Start of Data records

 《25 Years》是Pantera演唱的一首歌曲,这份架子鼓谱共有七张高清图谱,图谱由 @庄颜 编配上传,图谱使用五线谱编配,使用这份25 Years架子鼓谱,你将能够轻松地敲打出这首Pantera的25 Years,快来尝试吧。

End of Data records
Start of Data records

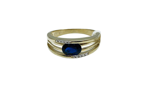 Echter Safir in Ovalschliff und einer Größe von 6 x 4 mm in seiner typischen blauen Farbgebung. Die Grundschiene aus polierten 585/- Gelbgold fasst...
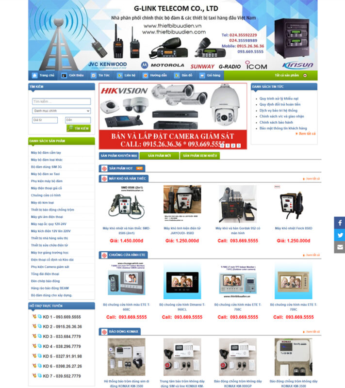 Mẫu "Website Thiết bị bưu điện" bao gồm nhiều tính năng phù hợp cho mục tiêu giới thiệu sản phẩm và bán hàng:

End of Data records

= Exercise description =
What you write must match the listing exactly, from the line with "Echter Safir in" up to and including the line with "Thiết bị bưu". Pictures stay out.

= Task answer =
 Echter Safir in Ovalschliff und einer Größe von 6 x 4 mm in seiner typischen blauen Farbgebung. Die Grundschiene aus polierten 585/- Gelbgold fasst...
 Mẫu "Website Thiết bị bưu điện" bao gồm nhiều tính năng phù hợp cho mục tiêu giới thiệu sản phẩm và bán hàng:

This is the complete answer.